How should research on endangered macaques progress?

In general, the researchers who spoke to The Scientist in favor of the IUCN reclassification all say that a better balance ought to be struck between animal and human wellbeing, as far as biomedical research on macaques is concerned. A “human-first approach is what put us in this climate crisis to begin with,” notes Gilhooly, suggesting that the impetus ought to be to use endangered animals in experiments as little as possible.

Fuentes suggests that perhaps federal regulations should be adjusted to raise the bar for approving a study using an endangered macaque “to match the level of risk to the species being engaged,” such that researchers need to jump through a few more hoops to ensure that their work answers an important enough question.

A photo of a long-tailed macaque (Macaca fascicularis) embracing its child.
Long-tailed macaques (Macaca fascicularis) at Batu Caves
NIELS DIEDRICK

In contrast, former-primatologist-turned-advisor for People for the Ethical Treatment of Animals (PETA) Lisa Jones-Engel, who was a member of the IUCN assessment team, says she’d like to see researchers move away from macaque research altogether, suggesting that pharmaceutical toxicity work could be done on tissue cultures or other alternatives.

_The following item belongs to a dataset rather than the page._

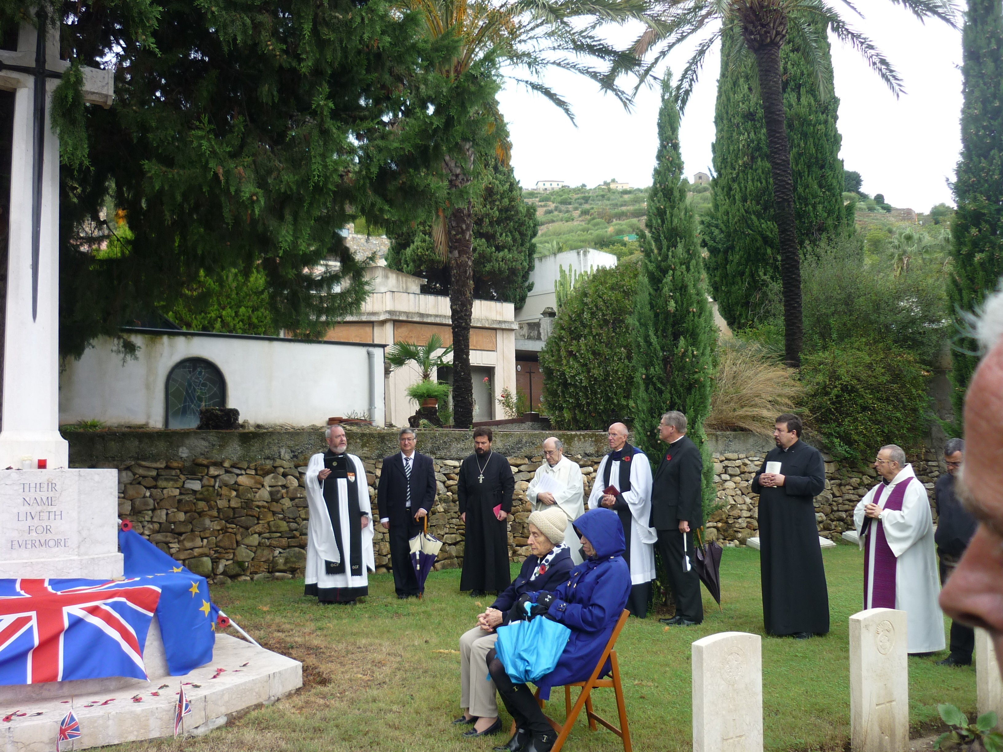 Funzione religiosa  in  ricordo e riconciliazione  in memoria dei caduti della Prima Guerra Mondiale oggi al Cimitero Inglese di Bordighera. L’Arcivescovo Anglicano  Jonathan Boardman affiancato dai ministri delle altre confessioni presenti nel circondario, ha celebrato la cerimonia per il centenario dell’inizio del conflitto.

But studies without animals wouldn’t be as informative, Hotchkiss says. While she says that she expects the number of macaques used in research to decline over time and that she feels there are some current uses where other models could work, there are others for which there are no good alternatives to macaques.

For instance, Hotchkiss argues that mice are too dissimilar to humans for certain types of biomedical research and that labs on a chip don’t offer a full picture of how a human body will respond to “the unexpected effects” of a drug. She offers the example of a toxicity study for an antileukemia drug that she worked on. “You put it in the monkey, and it dropped the white blood cells down, but it also caused liver damage,” she says. “If you’re looking at a kidney drug and it looks good in a kidney on a chip, it’s not going to tell you if it causes liver damage. That’s when you need the whole animals.”

“If anyone is going to do a study in primates, it’s because they think it’s the only possible animal model that will work,” Hotchkiss emphasizes. “That gets more and more [true] each year. Those of us in primate research still believe they are necessary.”

Hansen says that she simply wants better transparency and more communication between scientists that are more conservation-minded and those who work in biomedical labs. “We’re not working on this species to condemn laboratory research, medical research,” she says. “We only work with this species and create this assessment to highlight that there’s an issue. So now, please help us solve it.”

“That’s what I would like for the biomedical researchers to do: to help us solve this, to take responsibility,” she adds, saying that so far, the only outreach she’s received has been from experts working in animal welfare. “It cannot be that we can’t have both. We should be able to both save these two species and save humans. There is a middle ground, there are solutions to be found, and now we need to collaborate [to find them] instead of just yelling . . . old, rehearsed lines at each other.”

Clarification (October 14): The article has been updated to state that Lisa Jones-Engel was a part of the team that proposed the change in Red List status for the two macaque species.